▶ Exercise goal
Among the entries that follow, locate the line with "Premiere超初心者です" and the line with "भाग्न हेलिकोप्टरको सुविधा". Output those lines and all lines in between, exactly, minus the pictures.

▶ Exercise material
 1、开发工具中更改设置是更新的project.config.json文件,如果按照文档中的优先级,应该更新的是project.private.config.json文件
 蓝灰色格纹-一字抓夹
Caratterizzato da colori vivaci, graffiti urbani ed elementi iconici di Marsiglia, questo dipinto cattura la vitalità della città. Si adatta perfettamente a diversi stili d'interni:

---

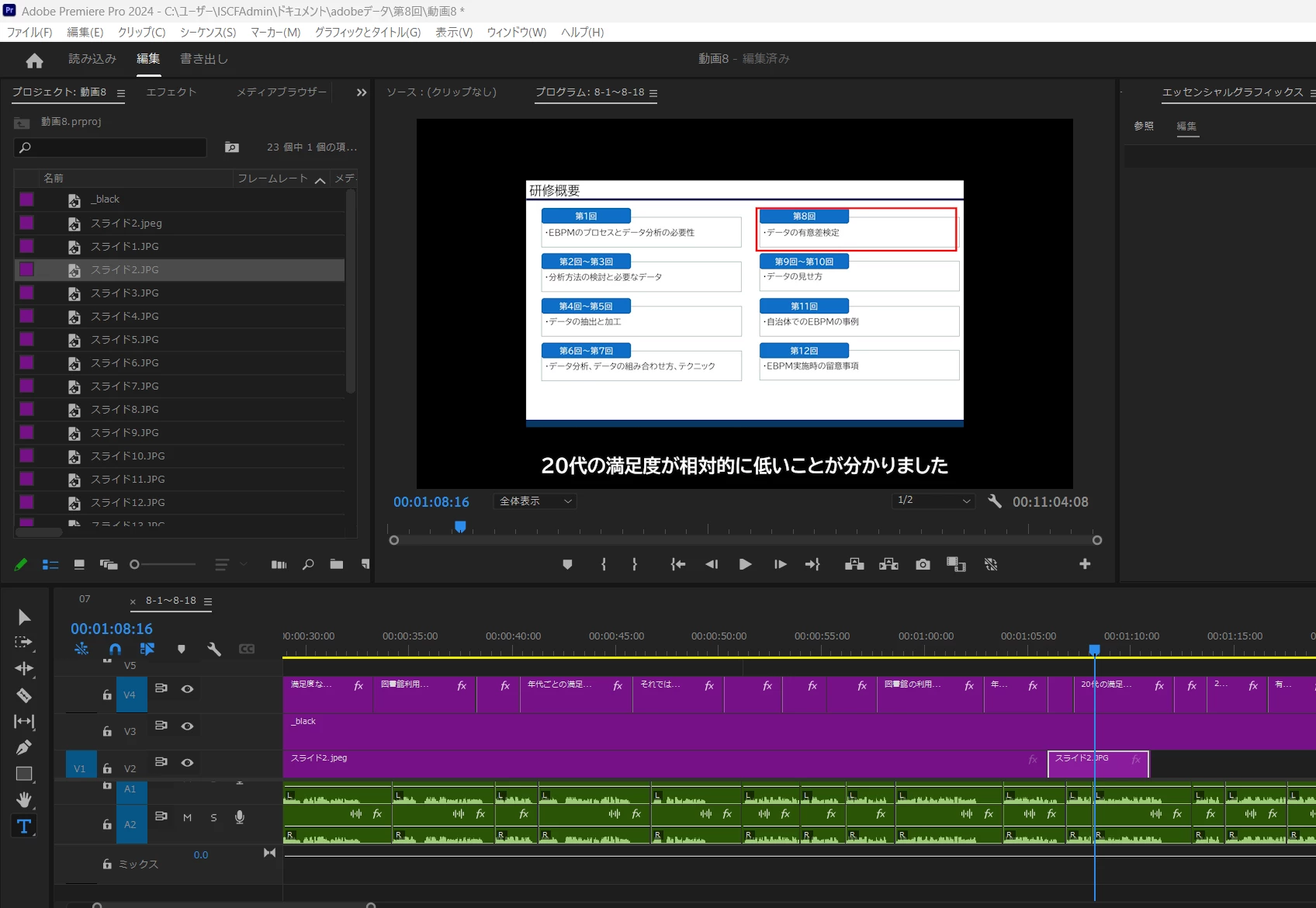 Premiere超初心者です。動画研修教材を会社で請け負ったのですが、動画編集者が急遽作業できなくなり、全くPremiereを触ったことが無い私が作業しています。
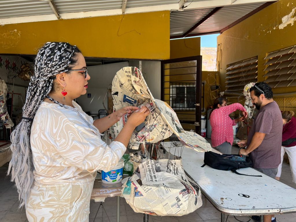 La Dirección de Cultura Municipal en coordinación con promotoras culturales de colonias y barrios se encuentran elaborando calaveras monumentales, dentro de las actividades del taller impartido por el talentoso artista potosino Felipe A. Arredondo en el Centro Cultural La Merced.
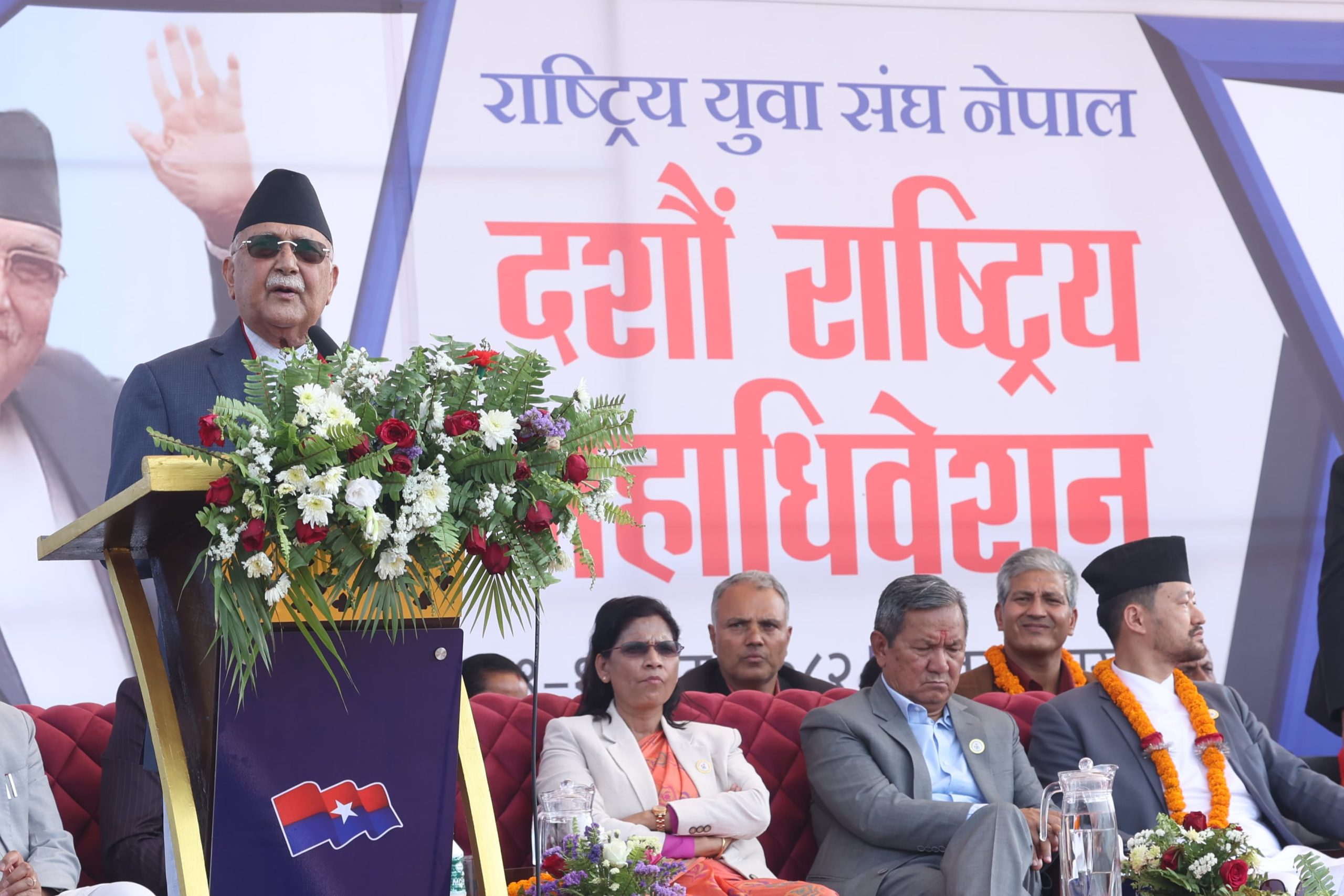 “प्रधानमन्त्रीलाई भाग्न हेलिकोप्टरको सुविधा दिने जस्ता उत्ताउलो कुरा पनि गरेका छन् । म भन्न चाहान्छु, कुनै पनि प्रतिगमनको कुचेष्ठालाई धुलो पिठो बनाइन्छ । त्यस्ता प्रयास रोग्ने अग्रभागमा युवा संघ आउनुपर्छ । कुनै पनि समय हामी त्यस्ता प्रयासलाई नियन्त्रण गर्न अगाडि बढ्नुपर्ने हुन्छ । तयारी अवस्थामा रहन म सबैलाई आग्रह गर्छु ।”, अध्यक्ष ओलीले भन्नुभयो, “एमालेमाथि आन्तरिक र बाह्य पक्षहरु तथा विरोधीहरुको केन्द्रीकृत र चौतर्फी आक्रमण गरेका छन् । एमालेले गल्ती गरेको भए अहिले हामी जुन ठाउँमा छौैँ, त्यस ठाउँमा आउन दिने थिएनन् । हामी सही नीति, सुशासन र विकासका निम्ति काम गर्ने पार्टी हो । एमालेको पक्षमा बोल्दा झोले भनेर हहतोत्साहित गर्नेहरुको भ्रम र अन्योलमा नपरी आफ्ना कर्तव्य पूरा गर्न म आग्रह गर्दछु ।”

▶ Exercise solution
 Premiere超初心者です。動画研修教材を会社で請け負ったのですが、動画編集者が急遽作業できなくなり、全くPremiereを触ったことが無い私が作業しています。
 La Dirección de Cultura Municipal en coordinación con promotoras culturales de colonias y barrios se encuentran elaborando calaveras monumentales, dentro de las actividades del taller impartido por el talentoso artista potosino Felipe A. Arredondo en el Centro Cultural La Merced.
 “प्रधानमन्त्रीलाई भाग्न हेलिकोप्टरको सुविधा दिने जस्ता उत्ताउलो कुरा पनि गरेका छन् । म भन्न चाहान्छु, कुनै पनि प्रतिगमनको कुचेष्ठालाई धुलो पिठो बनाइन्छ । त्यस्ता प्रयास रोग्ने अग्रभागमा युवा संघ आउनुपर्छ । कुनै पनि समय हामी त्यस्ता प्रयासलाई नियन्त्रण गर्न अगाडि बढ्नुपर्ने हुन्छ । तयारी अवस्थामा रहन म सबैलाई आग्रह गर्छु ।”, अध्यक्ष ओलीले भन्नुभयो, “एमालेमाथि आन्तरिक र बाह्य पक्षहरु तथा विरोधीहरुको केन्द्रीकृत र चौतर्फी आक्रमण गरेका छन् । एमालेले गल्ती गरेको भए अहिले हामी जुन ठाउँमा छौैँ, त्यस ठाउँमा आउन दिने थिएनन् । हामी सही नीति, सुशासन र विकासका निम्ति काम गर्ने पार्टी हो । एमालेको पक्षमा बोल्दा झोले भनेर हहतोत्साहित गर्नेहरुको भ्रम र अन्योलमा नपरी आफ्ना कर्तव्य पूरा गर्न म आग्रह गर्दछु ।”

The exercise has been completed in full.